The “could not find function” error is one of the most common errors R students hit in their first weeks of using the language. The error message looks intimidating, but the cause is almost always simple. R is telling you that the function you typed is not currently loaded, not currently spelled correctly, or not currently visible in the place you typed it.
There are six distinct reasons R produces this error. Each one has a specific fix. This post walks through all six causes one by one, with the exact code that triggers each error and the exact code that resolves it.
The error itself looks like this in the R console:
Error in ggplot(data = mtcars, aes(x = wt, y = mpg)) :could not find function "ggplot"
The function name in quotes at the end of the error message is your starting clue. Whatever appears there is the function R cannot find. The next step is figuring out why.
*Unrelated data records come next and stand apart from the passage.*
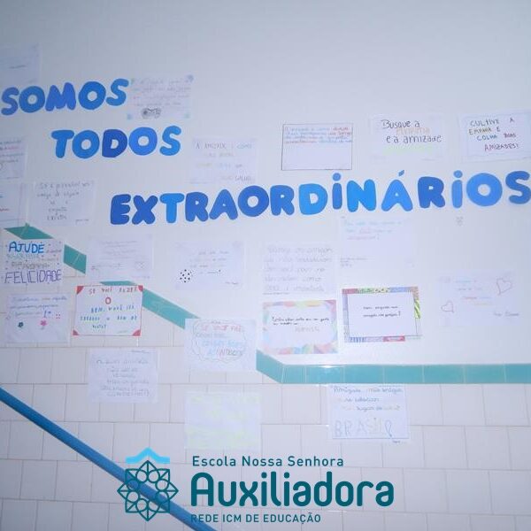 ✅No primeiro trimestre de 2018, os professores da Escola Auxiliadora trabalharam com o Projeto “Somos todos Extraordinários”. ✅O objetivo do projeto era trabalhar sobre o bullying na Escola, através de leituras e reflexões que permitissem uma discussão sobre o tema. ✅As atividades iniciaram com a palestra sobre “Empatia”, ministrada pelas Psicólogas Janine Cerutti e Vanessa Balen Felin. ✅Em seguida, os alunos realizaram a leitura do livro “Extraordinário”, de R.J Palacio e assistiram o filme adaptado do livro, com a direção de Stephen Chbosky. ✅Após a leitura, comparação e reflexão dessas linguagens, os alunos socializam suas leituras e construíram preceitos que foram expostos na Escola. ✅A atividade contribuiu para o trabalho com a temática do bullying, reiterou a importância do respeito e da empatia na sociedade e permitiu o contato e a percepção do texto literário enquanto humanizador.
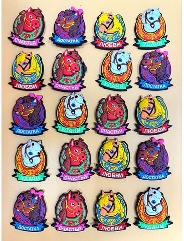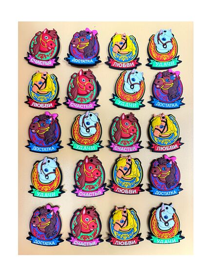 Новогодние магниты с символом года Лошадь на холодильник являются прекрасным и доступным подарком на Новый год!Они идеально подходят в качестве сувенира и открытки для близких и родных!
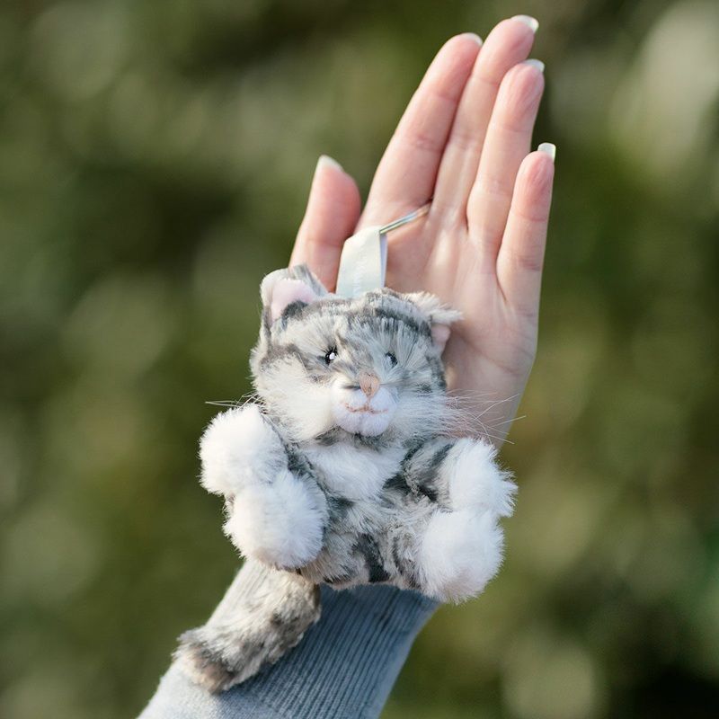 Plyšová kočka na stříbrném kovovém kroužku vás může doprovázet kamkoli zavěšena na kabelce, zavazadle, na kočárku nebo na klíčích. Jako všechny naše plyšové klíčenky je design inspirován velkými plyšovými hračkami od britské značky Wrendale Designs , s nimiž sdílí svou kvalitu a osobitost.
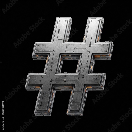 Obraz premium Futuristic 3D Hashtag: A Cyberpunk Symbol of Connectivity.
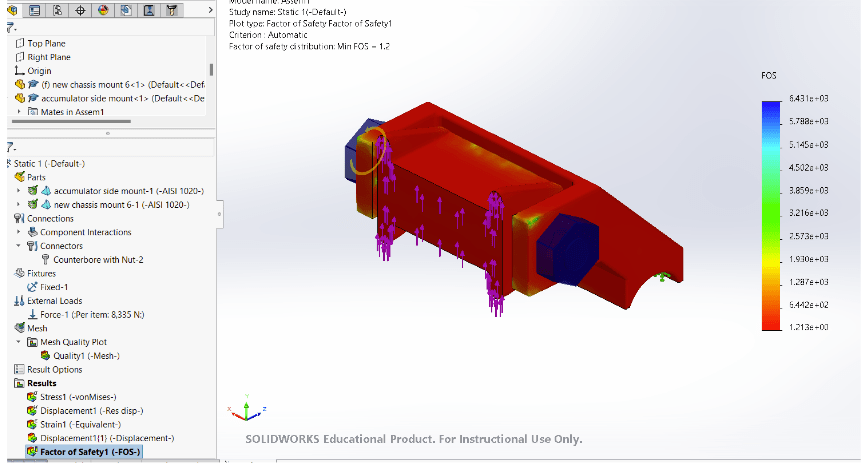 After adjusting the dimensions to increase thickness (3.5mm wall) on Solidworks, Aluminium proved to be 20 KG lighter than steel for an equivalent (slightly lower) strength rating, though still within our restrictions. Aluminium is more ductile than steel is, and has a lower yeild strength, but has a far higher strength-to-weight ratio than steel, thus proving itself valuable for our purposes. Re-running the FEA gave us a FOS of 5.5, which was perfectly adequate.

What the error actually means
R holds every function in a structure called the environment. When you type a function name, R searches the environment for a matching name and runs the function it finds. If the search returns nothing, R produces the “could not find function” error.
The function exists somewhere on your computer, perhaps inside a package you installed once or in a script you wrote yesterday. None of that helps if it is not currently loaded into the environment R is searching right now.
Six things commonly go wrong, in roughly the order you encounter them as a beginner. Working through them in order solves the error in almost every case.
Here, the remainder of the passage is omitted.